To my onlf brothers located in ethiopia I personally can understand your frustrations with ethiopia and do not oppose if you want to become a separate state. However what I do oppose and a general consensus of the international world opposes is using a GUN to achieve your objective.

 

This armed resistance type will not work my friend, look at palestine fighting for 70 years yet they have been hurt the most from this fruitless armed ambition.

 

Palestine will not be free through Armed Resistance but peace-accords (diplomacy). So don't you see people who have been fighting a-lot longer then the onlf need to resort to diplomacy in order to achieve what they want?

 

Put down the Gun and use diplomacy to achieve what you want.
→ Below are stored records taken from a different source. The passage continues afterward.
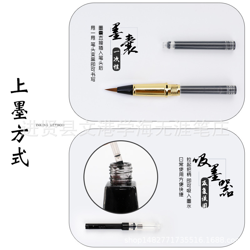 钢笔式毛笔小楷软头抄经书法笔纯狼毫学生便携自带墨水秀丽笔批发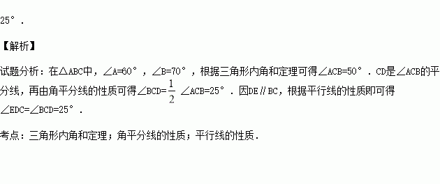 如图,△ABC中,∠A=60°,∠B=70°,CD是∠ACB的平分线,点E在AC上,DE∥BC,则∠EDC的度数为 .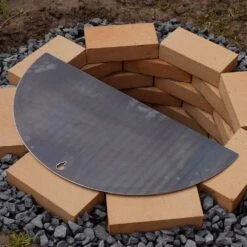 Lieferumfang: eine halbrunde Feuerplatte 85 cm. Die Feuerstelle und sonstiges Zubehör sind im Lieferumfang nicht enthalten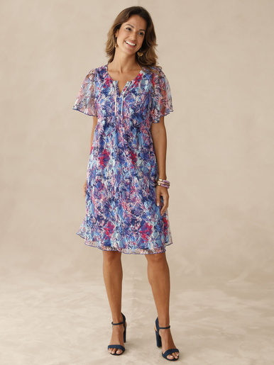Originalité de la dentelle imprimée et féminité des manches volantées pour cette robe...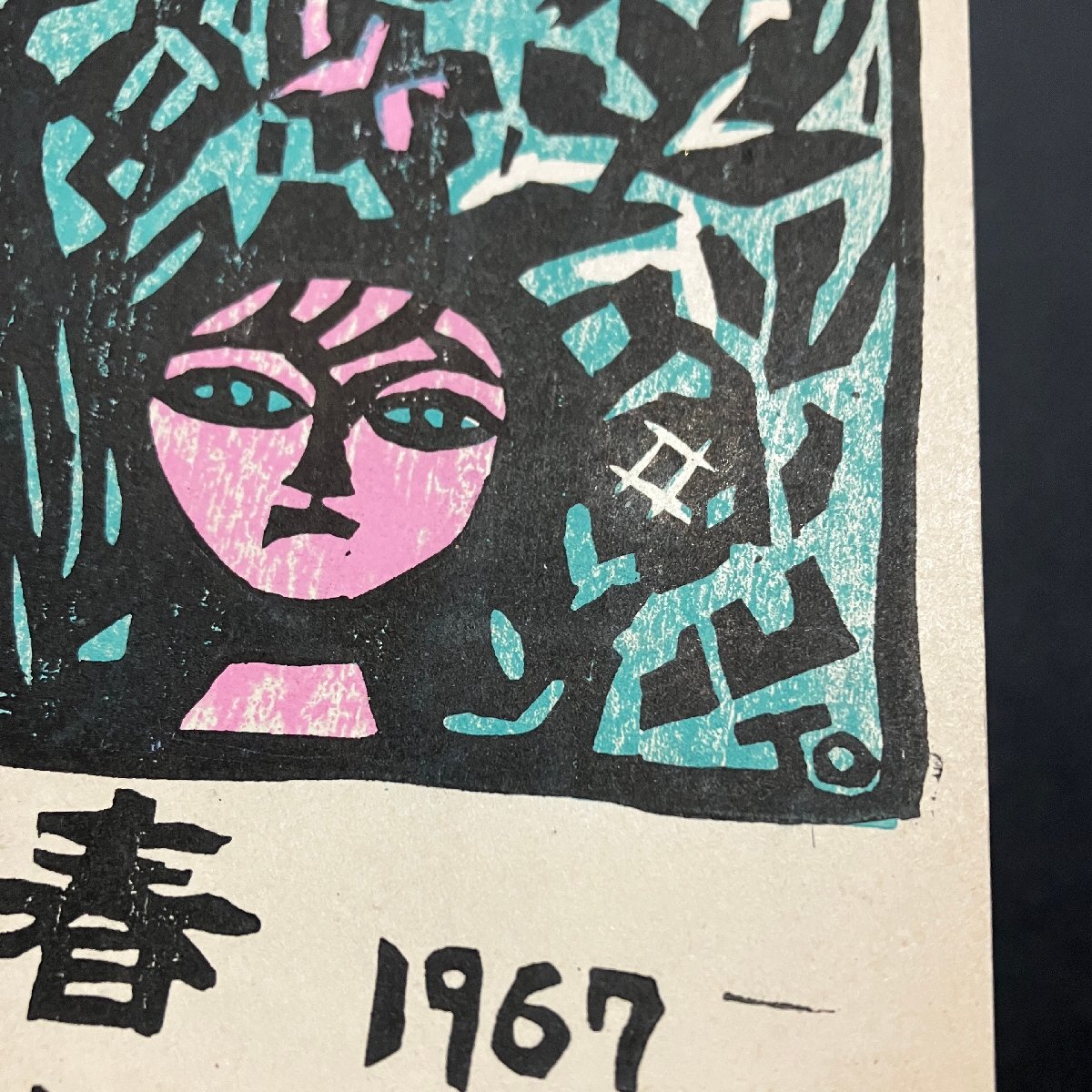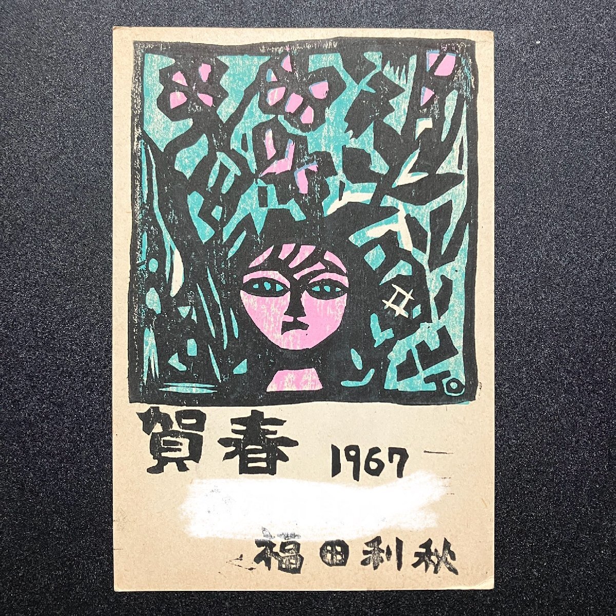 福田利秋 木版画年賀状 1967年 多色刷り       絵葉書 絵はがき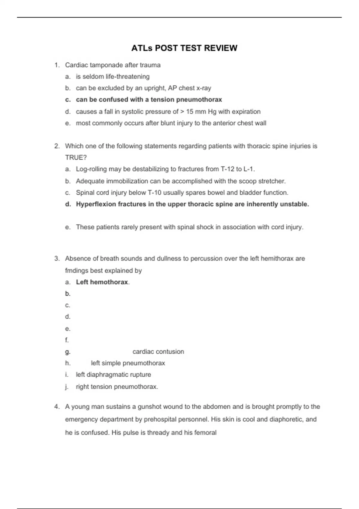 ATLs POST TEST REVIEW 1. Cardiac tamponade after trauma a. is seldom life-threatening b. can be excluded by an upright, AP chest x-ray c. can be confused with a tension pneumothorax d. causes a fall in systolic pressure of > 15 mm Hg with expiration e. most commonly occurs after blunt injury to the anterior chest wall 2. Which one of the following statements regarding patients with thoracic spine injuries is TRUE? a. Log-rolling may be destabilizing to fractures from T-12 to L-1. b. Adequate immobilization can be accomplished with the scoop stretcher. c. Spinal cord injury below T-10 usually spares bowel and bladder function. d. Hyperflexion fractures in the upper thoracic spine are inherently unstable. e. These patients rarely present with spinal shock in association with cord injury. 3. Absence of breath sounds and dullness to percussion over the left hemithorax are fmdings best explained by a. Left hemothorax. b. c. d. e. f. g. cardiac contusion h. left simple pneumothorax i. left diaphragmatic rupture j. right tension pneumothorax. 4. A young man sustains a gunshot wound to the abdomen and is brought promptly to the emergency department by prehospital personnel. His skin is cool and diaphoretic, and he is confused. His pulse is thready and his femoral pulse is only weakly palpable. The defmitive treatment in managing this patient is to a. administer 0-negative blood b. applyextemal warming devices. c. Control internal hemorrhage operatively d. apply the pneumatic antishock garment e. infuse large volumes of intravenous crystalloid solution. 5. To establish a diagnosis of shock, a. systolic blood pressure must be below 90 mm Hg. b. the presence of a closed head injury should be excluded c. acidosis should be present by arterial blood gas analysis d. the patient must fail to respond to intravenous fluid infusion. e. clinical evidence of inadequate organ perfusion must be present. 6. A 23-year-old man is brought immediately to the emergency department from the hospital' s parking lot where he was shot in the lower abdomen. Examination reveals a single bullet wound. He is breathing and has a thready pulse. However, he is unconscious and has no detectable blood pressure. Optimal immediate management is to a. perform diagnostic peritoneal lavage. b. initiate infusion of packed red blood cells. c. insert a nasogastric tube and urinary catheter. d. transfer the patient to the operating room, while initiating fluid therapy. e. initiate fluid therapy to return his blood pressure to normotensive 7. An electrician is electrocuted by a downed power line after a thunderstorm. He apparently made contact with the wire at the level of the right mid thigh. In the emergency department, his vital signs are normal and no dysrhythmia is noted on ECG. On examination, there is an exit wound on the bottom of the right foot. His urine is positive for blood by dip stick but no RBCs are seen microscopically. Initial management should include a. immediate angiography. b. aggressive fluid infusion. c. intravenouspyleography. d. debridement of necrotic muscle. e. admission to the intensive care unit for observation. 8. An 8-year-old girl is an unrestrained passenger in a vehicle struck from behind. In the emergency department, her blood pressure is 80/60 mm Hg, heart rate is 80 beats per minute, and respiratory rate is 16 breaths per minute. Her GCS score is 14. She complains that her legs feel "funny and won't move right;" however, her spine x-rays do not show a fracture or dislocation. A spinal cord injury in this child a. is most likely a central cord syndrome. b. must be diagnosed by magnetic resonance imaging. c. can be excluded by obtaining a CT of the entire spine. d. may exist in the absence of objective findings on x-ray studies. e. is unlikely because of the incomplete calcification of the vertebral bodies. 9. Immediate chest tube insertion is indicated for which of the following conditions? a. Pneumothorax b. Pneumomediastinum c. Massive hemothorax d. Diaphragmatic rupture e. Subcutaneous emphysema 10.A 32-year-old man is brought to the hospital unconscious with severe facial injuries and noisy respirations after an automobile collision. In the emergency department, he has no apparent injury to the anterior aspect of his neck. He suddenly becomes apneic, and attempted ventilation with a face mask is unsuccessful. Examination of his mouth reveals a large hematoma of the pharynx with loss of normal anatomic landmarks. Initial management of his airway should consist of a. inserting an oropharyngealairvvay. b. inserting a nasopharyngeal airway. c. performing a surgical cricothyroidotomy. d. performingfiberoptic-guided nasotracheal intubation. e. performingorotracheal intubation after obtaining a lateral c-spine x-ray. 11.The primary indication for transferring a patient to a higher level trauma center is a. unavailability of a surgeon or operating room staff. b. multiple system injuries, including severe head injury. c. resource limitations as determined by the transferring doctor. d. resource limitations as determined by the hospital administration. e. widened mediastinum on chest x-ray following blunt thoracic trauma. 12.A young man sustains a ritle wound to the mid-abdomen. He is brought promptly to the emergency department by prehospital personnel. His skin is cool and diaphoretic, and his systolic blood pressure is 58 rnm Hg. Warmed crystalloid fluids are initiated without improvement in his vital signs. The next, most appropriate step is to perform a. celiotomy. b. an abdominal CT scan. c. diagnostic laparoscopy. d. abdominal ultrasonography. e. a diagnostic peritoneal lavage. 13.A teen-aged bicycle rider is hit by a truck traveling at a high rate of speed. In the emergency department, she is actively bleeding from open fractures of her legs, and has abrasions on her chest and abdominal wall. Her blood pressure is 80/50 mm Hg, heart rate is 140 beats per minute, respiratory rate is 8 breaths per minut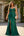 Abito da cerimonia lungo sirena verde scuro con paillettes e taglia scoperta

Sure ethiopia might not do a peace-deal with anyone, however use more peaceful tactics that are more realistic in order to achieve your long-term goals.

 

A good tactic will be to fund an "oromo" person to become a candidate for the highest office in addis ababa. Use slogans and cheers such as "oromos are the majority" of ethiopia and deserve to rule.

 

Lobby hard for them and provide the respective candidate offices and bases through-out ethiopia so he can get to know the people. Use the title of "democracy" to sway the hearts and minds of the international community in order to get this candidate elected.

 

Once you achieve that and this person is elected he will give you a peaceful separation from the state and you become indepedent something the onlf people will need to keep low-profile until he actually gets into office.

 

This is alot more realistic then say fighting one of the strongest armies in Africa. Their reserve base is 185,000. Can you imagine the odds? Even when siyad barre had more modern weapons then ethiopia he never succeeded in defeating them.

 

So my advice is to stop whining about Puntland or anywhere else, but change your tactics from armed resistance to something more acceptable in today's world.

 

Noone in the world wants to see an armed resistance sxb, because this will lead to a precedent of armed resistance everywhere. Imagine if you are allowed to get what you want because you pick up gun. That means if I don't like obama I will pick up a gun. This is the sort of precedent armed resistances send and that is why noone in the world deals with them.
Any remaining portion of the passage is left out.